Zhanargul Zhumatai: "If they want to come and arrest me, then let them."

[M] Lina Moreno / DER SPIEGEL ; Xingjiang Police Files, Greg Baker / Getty Images, Adrien Nowak / IMAGO, privat, mapsvg.com, Getty Images (3)

"I Want To Live" A Victim of Repression in Xinjiang Awaits New Life

In China's Xinjiang region, officials have forced hundreds of thousands of residents into internment camps. Activist Zhanargul Zhumatai describes how she got through her reeducation program – and why she lives in fear of being arrested again.

Her mother walks to the front door every morning at 8 a.m. to listen, says Zhanargul Zhumatai. Will the men come back? She herself sometimes sits at the window of the apartment, looking out from the second floor into the smog-shrouded street outside their home in Ürümqi. The last time they picked her up, Zhumatai says, the men were wearing black uniforms and leather boots.

DER SPIEGEL 4/2023

The article you are reading originally appeared in German in issue 4/2023 (January 21st, 2023) of DER SPIEGEL.

SPIEGEL International

Zhumatai says she was interned in camps in the northwestern Chinese region of Xinjiang for more than two years, just like hundreds of thousands others, most of them from the Muslim Uyghur population, but also members of the Kazakh minority.
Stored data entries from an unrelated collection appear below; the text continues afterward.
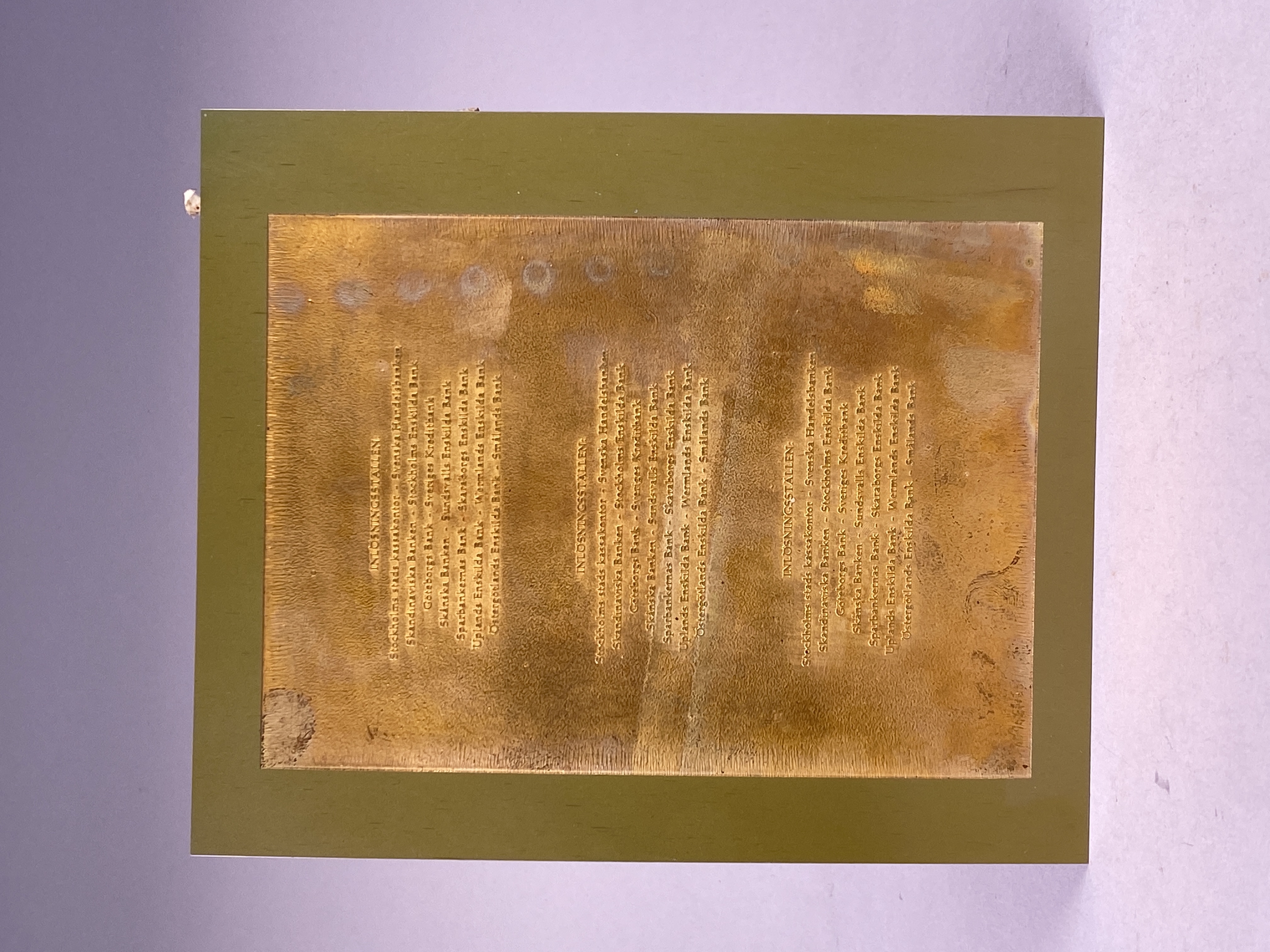 Tryckplåt av okänd funktion. Rektangulär plåt tillverkad i koppar. Framsidan av plåten med text, vilken upprepas tre gånger: "INLÖSNINGSSTÄLLEN: Stockholms stads kassakontor - Svenska Handelsbanken. Skandinaviska Banken - Stockholms Enskilda Bank. Göteborgs Bank - Sveriges Kreditbank. Skånska Banken - Sundsvalls Enskilda Bank. Sparbankernas Bank - Skaraborgs Enskilda Bank. Upplands Enskilda Bank - Wermlands Enskilda Bank. Östergötlands Enskilda Bank - Smålands Bank".
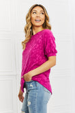 This top takes the animal print a step further by adding a textured dimension, making it even more playful and fun. The rich magenta makes a bold and vibrant statement, while the relaxed fit and button details make this top easy to pull off. Tone down the bright color with light-wash jeans, or go bold by color blocking your look with other bright pieces.
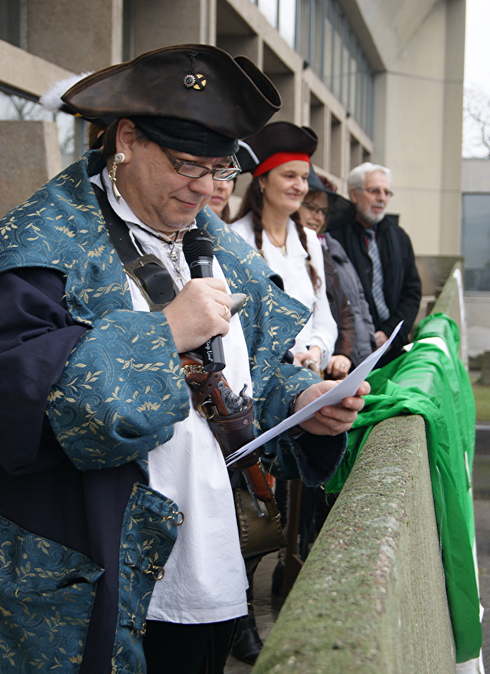 Die Piratenflagge flattert im Wind. Mit Spitzhut, Augenklappe und Degen steht die Mannschaft an der Reling und betrachtet die versammelte Menschentraube, die ihre Chance auf Beute wittert. Doch der Oberpirat in Person des Marler Bürgermeisters Werner Arndt wehrt sich vehement: „Sucht euch ein and’res Schiff zum Kentern. Uns’ren Kahn werdet ihr nicht entern.“ (Bild oben).
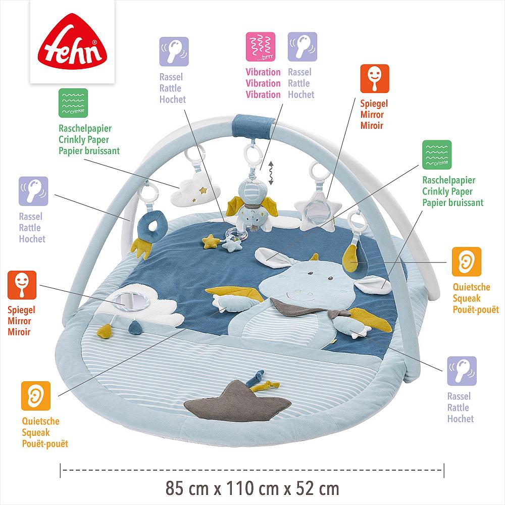 - BEQUEM & SICHER - Die ovale Spielmatte mit gepolsterter Liegefläche ist kuschelweich und schützt Mädchen und Jungen optimal bei der Erkundung der Welt des furchtlosen Drachen und der frechen Fledermaus
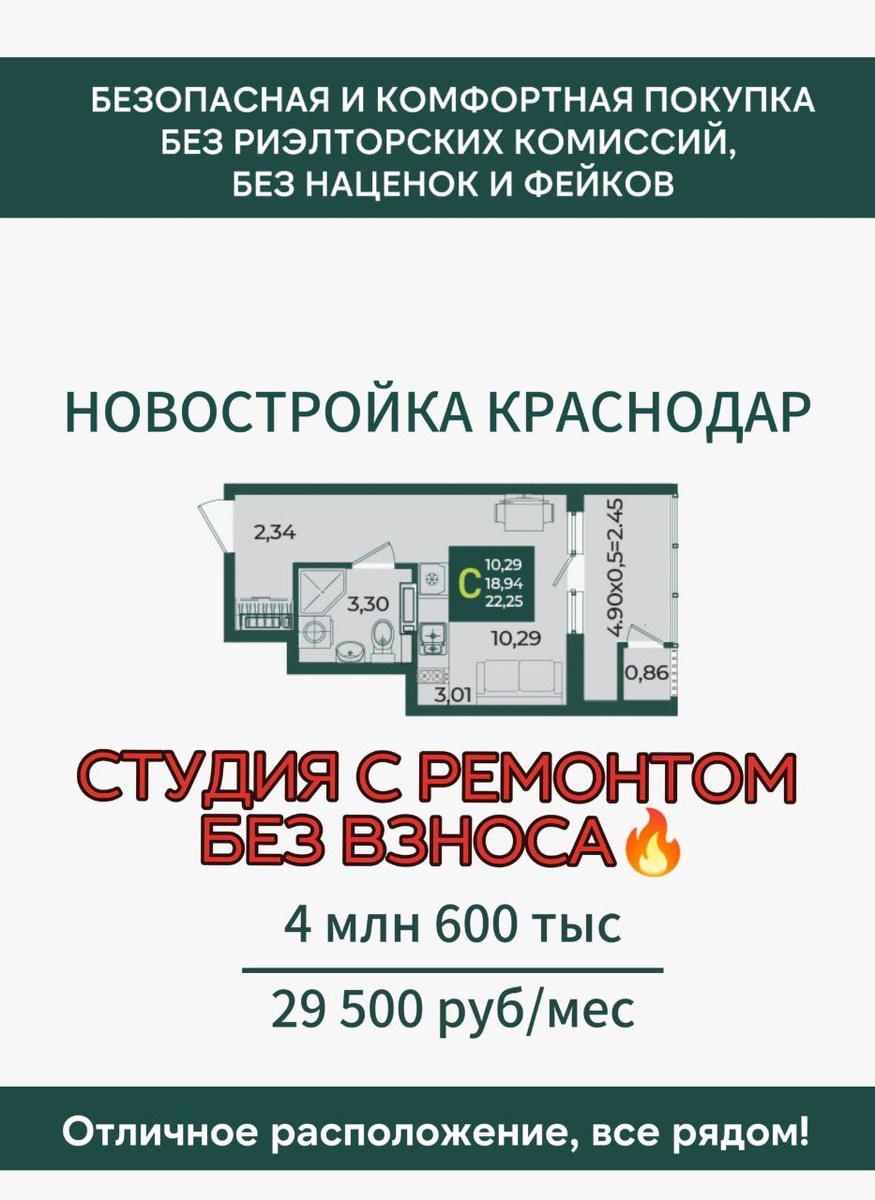 АКЦИЯ на новостройку в классном районе Краснодара‼️‼️🤩 🎁Ремонт в подарок и субсидия за счет застройщика (поэтому дешевле 👍) Прайс с ремонтом 4 628 000 руб Первоначальный взнос 0 руб 🔥 Платеж 29 582 руб/мес Со мной ваши возможности гораздо шире: ✅большой выбор; ✅возможность сравнения; ✅согласование нестандартных условий покупки; ✅сопровождение на всех этапах покупки; ✅дистанционный просмотр; ✅безопасность; ✅комфорт #жккраснодара #акциянановостройку #студиясремонтомкраснодар #студиякраснодар #студиябезвзносакраснодар #купитьстудиюкраснодар #недвижимостькраснодар #переездкраснодар

Like Zhumatai.

Now Zhumatai hasn't dared to go out on the street for days, with relatives setting food in front of her door. After all, she dared to speak out publicly against the injustice that she faces in Xinjiang.


A High Risk

What is happening in Xinjiang is a human rights crime that is largely taking place in secret. Only a few former camp inmates have managed to escape abroad. What the world knows about the camps and the state-organized terror in Xinjiang comes primarily from leaks with the Chinese apparatus, such as the Xinjiang Police Files , which DER SPIEGEL published last year together with international media partners.

But Zhumatai isn’t speaking from the safety of exile. She is speaking directly from Ürümqi, the capital of Xinjiang.

It’s the beginning of January and the 47-year-old is sitting in the hallway of her apartment. She knows that it is extremely risky to speak to journalists on the phone. In Xinjiang, even a phone call to relatives abroad can result in long stints behind bars. Authorities in the region have imposed prison sentences of 10, 15 and sometimes even 20 years for even minor putative offenses. The secret verdicts found in the Xinjiang Police Files refer to charges like "planning a terrorist act" or "disturbing of the public order." Those who grow out their beards or read the Koran are locked away. Zhumatai is also afraid. But she wants to go public with her experiences so that the world will know who is responsible if she disappears.

She says that she and her relatives received calls almost every day from the authorities.

"The police told my brother that I was giving away state secrets. They told me I should check myself into a psychiatric ward or they would come and get me. My relatives begged me: 'Go to the clinic.' But I refused. If they want to come and arrest me, then let them. I’m not going to open the door for them."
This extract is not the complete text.